(Source records)
>>>
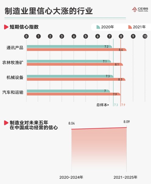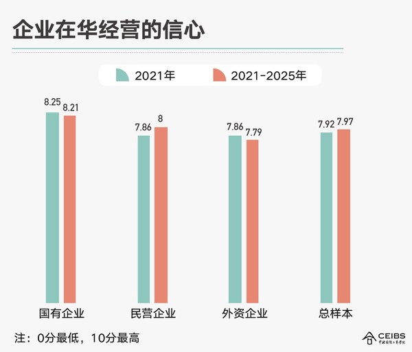 信心方面,去年调查报告显示企业对2020年在中国的成功经营信心分别如下:国有7.8,民营7.1,外资6.8。对于未来五年在中国经营的信心指数,情况如下:国有8.2,民营7.9,外资7.7。对比今年的调查结果我们发现,虽然短期信心有所上升,长期信心指数并没有明显变化。
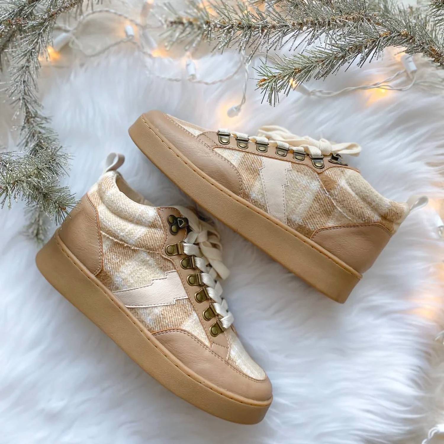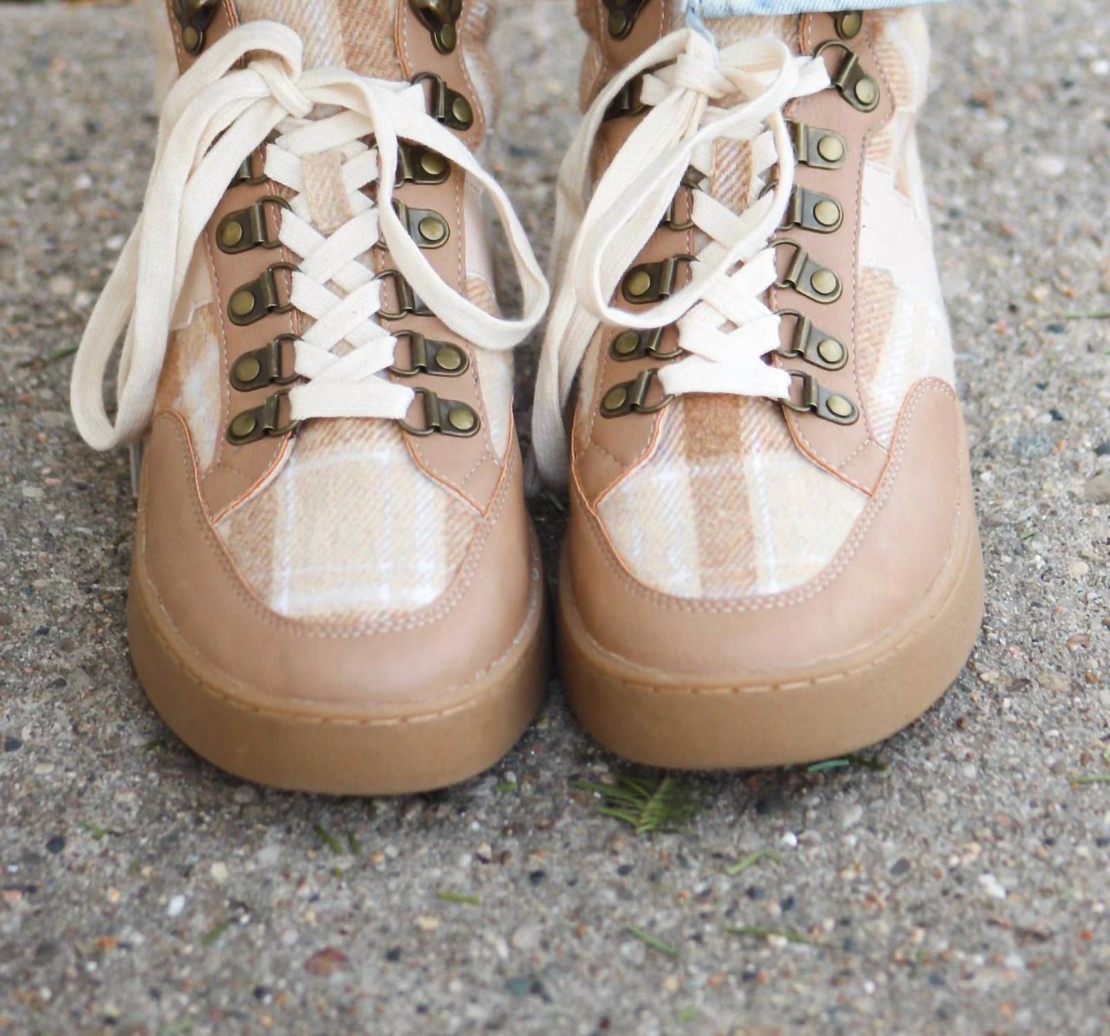 When fashion and function come together seamlessly. Step up your style game with the Women's Kaia Plaid Sneaker by OASIS SOCIETY, crafted for fashion-forward comfort. These high-top sneakers feature a trendy plaid flannel design in a chic beige hue. Made for adult women, the sneakers boast a flat heel height perfect for all-day wear, paired with a comfortable round toe shape. Enjoy the blend of cute, comfort, and style with these contemporary sneakers.
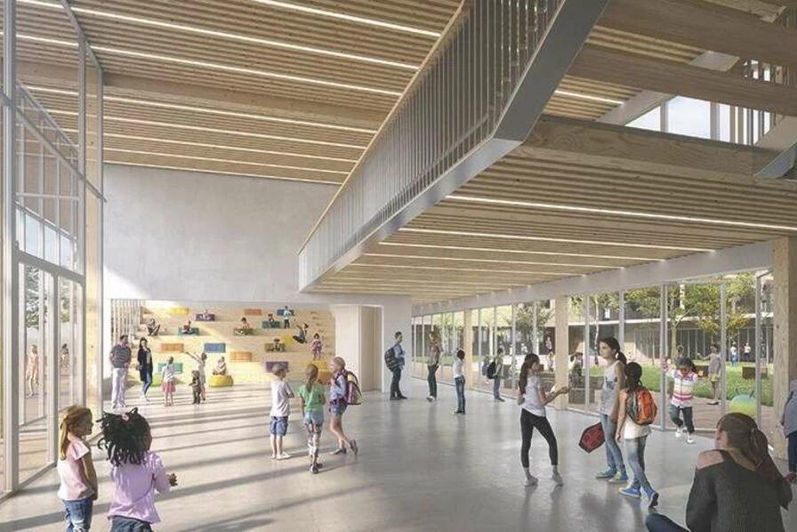 L'enjeu du projet est de faire cohabiter un système constructif en structure bois avec des façades en pierres porteuses : une architecture vertueuse environnementalement avec des façades qualitatives et pérennes issues de ressources locales.
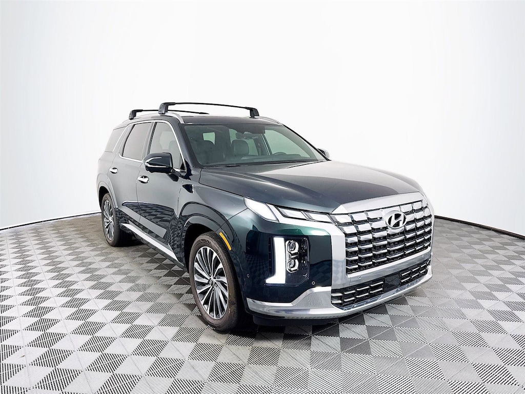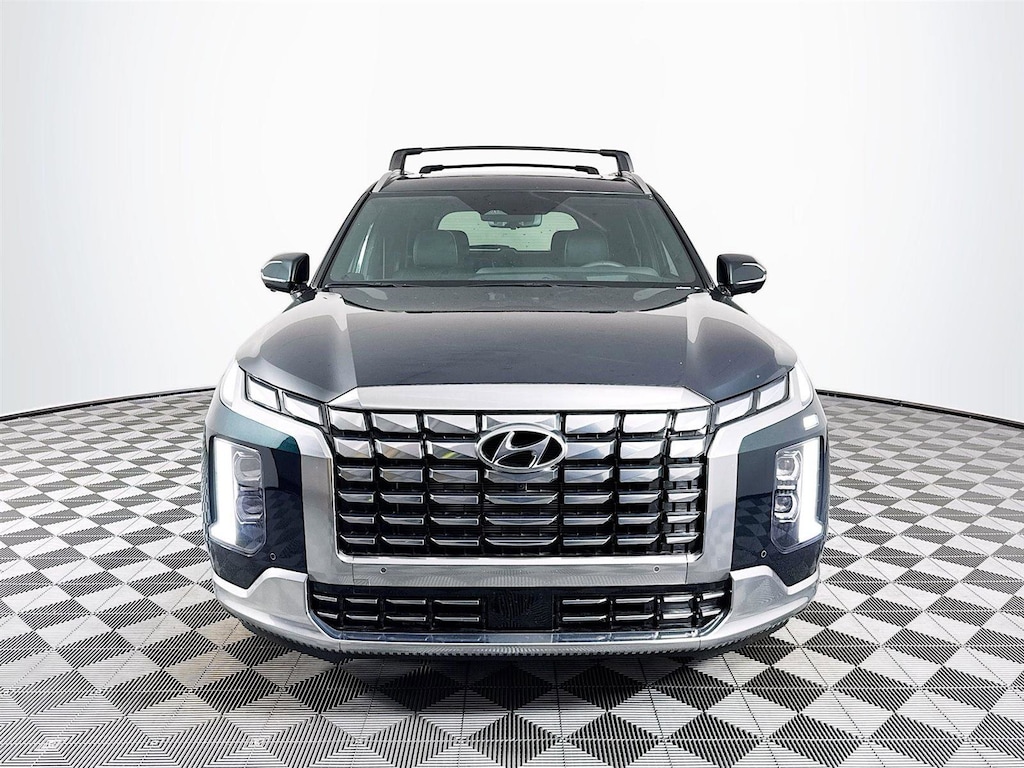 2025 Hyundai Palisade Calligraphy Calligraphy 12 Speakers, 3rd row seats: split-bench, 4-Wheel Disc Brakes, ABS brakes, Air Conditioning, Alloy wheels, AM/FM radio: SiriusXM, Apple CarPlay & Android Auto, Auto High-beam Headlights, Auto-dimming door mirrors, Auto-dimming Rear-View mirror, Auto-leveling suspension, Automatic temperature control, Brake assist, Bumpers: body-color, Cargo Blocks, Cargo Net, Cargo Tray, Carpeted Floor Mats, Compass, Cross Rails, Delay-off headlights, Driver door bin, Driver vanity mirror, Dual front impact airbags, Dual front side impact airbags, Electronic Stability Control, Emergency communication system, Exterior Parking Camera Rear, First Aid Kit, Four wheel independent suspension, Front anti-roll bar, Front Bucket Seats, Front Center Armrest, Front dual zone A/C, Front reading lights, Fully automatic headlights, Garage door transmitter: HomeLink, harman/kardon® Speakers, Heads-Up Display, Heated & Ventilated Front Bucket Seats, Heated door mirrors, Heated front seats, Heated rear seats, Heated steering wheel, Illuminated entry, Knee airbag, Leather steering wheel, Low tire pressure warning, Memory seat, Navigation System, Occupant sensing airbag, Option Group 01, Outside temperature display, Overhead airbag, Overhead console, Panic alarm, Passenger door bin, Passenger vanity mirror, Power door mirrors, Power driver seat, Power Liftgate, Power moonroof, Power passenger seat, Power steering, Power windows, Premium Nappa Leather Seat Trim, Radio data system, Radio: AM/FM/MP3 Premium Audio System, Rain sensing wipers, Rear air conditioning, Rear anti-roll bar, Rear audio controls, Rear reading lights, Rear side impact airbag, Rear window defroster, Rear window wiper, Reclining 3rd row seat, Remote keyless entry, Security system, Speed control, Speed-sensing steering, Split folding rear seat, Spoiler, Steering wheel mounted audio controls, Tachometer, Telescoping steering wheel, Tilt steering wheel, Traction control, Trip computer, Turn signal indicator mirrors, Variably intermittent wipers, Ventilated front seats, Ventilated rear seats, Wheels: 20" x 7.5J Calligraphy Exclusive Alloy. 19/26 City/Highway MPG
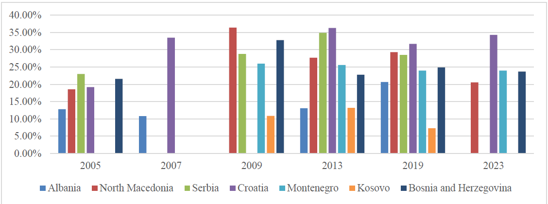 These figures reveal pronounced cross-country differences in women’s economic engagement. Kosovo records the lowest female labor-force participation (42.3 percent) and women-owned businesses (18 percent), pointing to significant institutional and cultural constraints. By contrast, Serbia and Albania demonstrate comparatively higher rates of participation and business ownership, suggesting more supportive institutional environments. These disparities mirror broader dynamics in the region, where institutional voids, cultural norms, and unequal access to resources continue to limit women’s entrepreneurial opportunities.
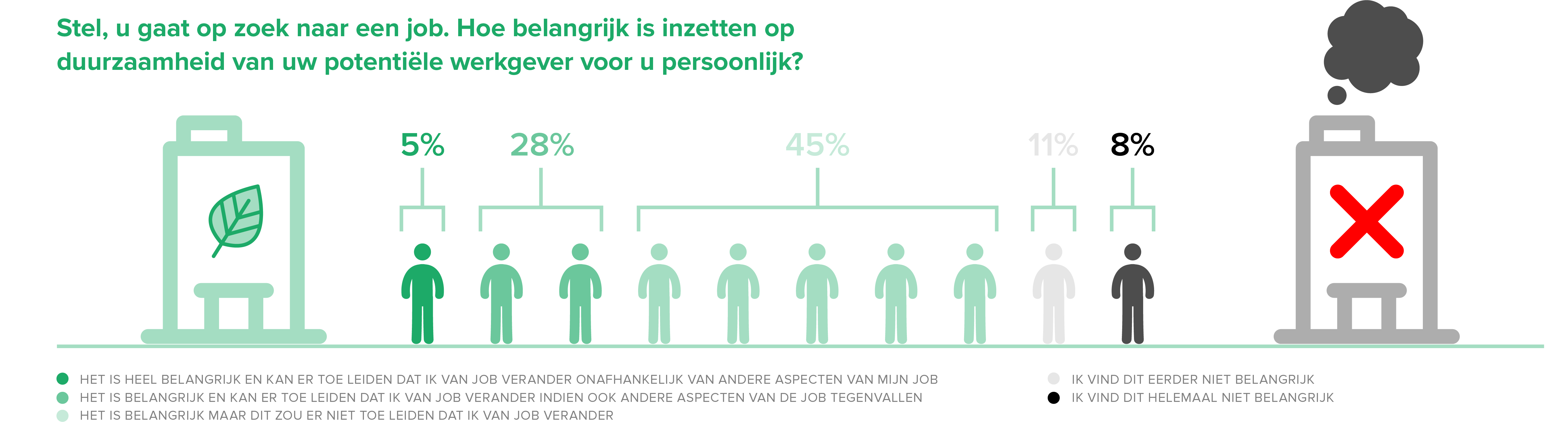 Slechts 17% van de Vlaamse werknemers vindt het persoonlijk niet belangrijk dat zijn werkgever inzet op duurzaamheid. 29% vind het belangrijk genoeg dat het eventueel zou kunnen leiden tot veranderen van job.
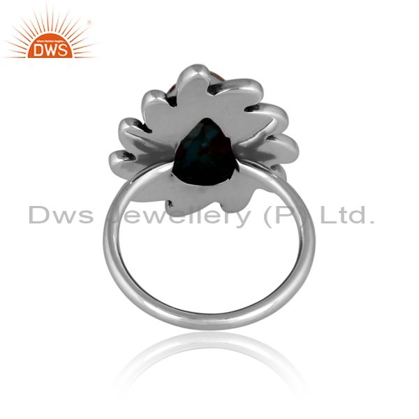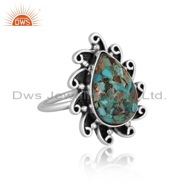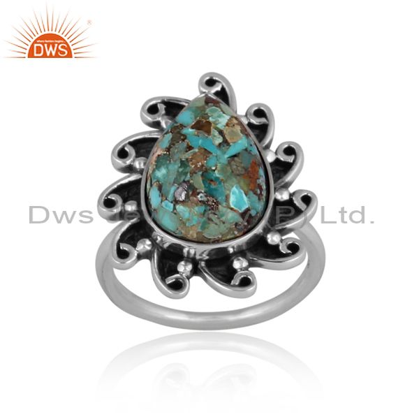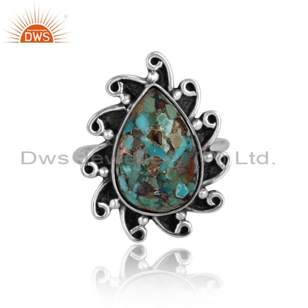 Pear Cut Boulder Turquoise Set Oxidized 925 Silver Boho Ring
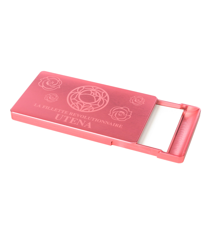 『少女革命ウテナ』×「GILD design」のコラボレーションアイテム「GILD design(ギルドデザイン) ジュラルミンカードケース」の登場です。 GILD designは「スマートフォンを本気で守る」をコンセプトに、航空機や自動車部品に使用される高強度ジュラルミンの無垢材から削り出したアルミケースを製作するブランドです。 天上ウテナと姫宮アンシーのシルエットや薔薇の紋章を透かし加工で施したデザインに仕上げました。 本体内部機構では、取り出し口の3次元加工によりカードが取り出しやすくなっています。 ジュラルミンから削り出して製作したカードケースで、ビジネスシーンにもマッチするアイテムです。
<<<
◆ **Task details**:
Would you set down the records above once more, exactly, with the pictures removed?

◆ **Solution**:
 信心方面,去年调查报告显示企业对2020年在中国的成功经营信心分别如下:国有7.8,民营7.1,外资6.8。对于未来五年在中国经营的信心指数,情况如下:国有8.2,民营7.9,外资7.7。对比今年的调查结果我们发现,虽然短期信心有所上升,长期信心指数并没有明显变化。
 When fashion and function come together seamlessly. Step up your style game with the Women's Kaia Plaid Sneaker by OASIS SOCIETY, crafted for fashion-forward comfort. These high-top sneakers feature a trendy plaid flannel design in a chic beige hue. Made for adult women, the sneakers boast a flat heel height perfect for all-day wear, paired with a comfortable round toe shape. Enjoy the blend of cute, comfort, and style with these contemporary sneakers.
 L'enjeu du projet est de faire cohabiter un système constructif en structure bois avec des façades en pierres porteuses : une architecture vertueuse environnementalement avec des façades qualitatives et pérennes issues de ressources locales.
 2025 Hyundai Palisade Calligraphy Calligraphy 12 Speakers, 3rd row seats: split-bench, 4-Wheel Disc Brakes, ABS brakes, Air Conditioning, Alloy wheels, AM/FM radio: SiriusXM, Apple CarPlay & Android Auto, Auto High-beam Headlights, Auto-dimming door mirrors, Auto-dimming Rear-View mirror, Auto-leveling suspension, Automatic temperature control, Brake assist, Bumpers: body-color, Cargo Blocks, Cargo Net, Cargo Tray, Carpeted Floor Mats, Compass, Cross Rails, Delay-off headlights, Driver door bin, Driver vanity mirror, Dual front impact airbags, Dual front side impact airbags, Electronic Stability Control, Emergency communication system, Exterior Parking Camera Rear, First Aid Kit, Four wheel independent suspension, Front anti-roll bar, Front Bucket Seats, Front Center Armrest, Front dual zone A/C, Front reading lights, Fully automatic headlights, Garage door transmitter: HomeLink, harman/kardon® Speakers, Heads-Up Display, Heated & Ventilated Front Bucket Seats, Heated door mirrors, Heated front seats, Heated rear seats, Heated steering wheel, Illuminated entry, Knee airbag, Leather steering wheel, Low tire pressure warning, Memory seat, Navigation System, Occupant sensing airbag, Option Group 01, Outside temperature display, Overhead airbag, Overhead console, Panic alarm, Passenger door bin, Passenger vanity mirror, Power door mirrors, Power driver seat, Power Liftgate, Power moonroof, Power passenger seat, Power steering, Power windows, Premium Nappa Leather Seat Trim, Radio data system, Radio: AM/FM/MP3 Premium Audio System, Rain sensing wipers, Rear air conditioning, Rear anti-roll bar, Rear audio controls, Rear reading lights, Rear side impact airbag, Rear window defroster, Rear window wiper, Reclining 3rd row seat, Remote keyless entry, Security system, Speed control, Speed-sensing steering, Split folding rear seat, Spoiler, Steering wheel mounted audio controls, Tachometer, Telescoping steering wheel, Tilt steering wheel, Traction control, Trip computer, Turn signal indicator mirrors, Variably intermittent wipers, Ventilated front seats, Ventilated rear seats, Wheels: 20" x 7.5J Calligraphy Exclusive Alloy. 19/26 City/Highway MPG
 These figures reveal pronounced cross-country differences in women’s economic engagement. Kosovo records the lowest female labor-force participation (42.3 percent) and women-owned businesses (18 percent), pointing to significant institutional and cultural constraints. By contrast, Serbia and Albania demonstrate comparatively higher rates of participation and business ownership, suggesting more supportive institutional environments. These disparities mirror broader dynamics in the region, where institutional voids, cultural norms, and unequal access to resources continue to limit women’s entrepreneurial opportunities.
 Slechts 17% van de Vlaamse werknemers vindt het persoonlijk niet belangrijk dat zijn werkgever inzet op duurzaamheid. 29% vind het belangrijk genoeg dat het eventueel zou kunnen leiden tot veranderen van job.
 Pear Cut Boulder Turquoise Set Oxidized 925 Silver Boho Ring
 『少女革命ウテナ』×「GILD design」のコラボレーションアイテム「GILD design(ギルドデザイン) ジュラルミンカードケース」の登場です。 GILD designは「スマートフォンを本気で守る」をコンセプトに、航空機や自動車部品に使用される高強度ジュラルミンの無垢材から削り出したアルミケースを製作するブランドです。 天上ウテナと姫宮アンシーのシルエットや薔薇の紋章を透かし加工で施したデザインに仕上げました。 本体内部機構では、取り出し口の3次元加工によりカードが取り出しやすくなっています。 ジュラルミンから削り出して製作したカードケースで、ビジネスシーンにもマッチするアイテムです。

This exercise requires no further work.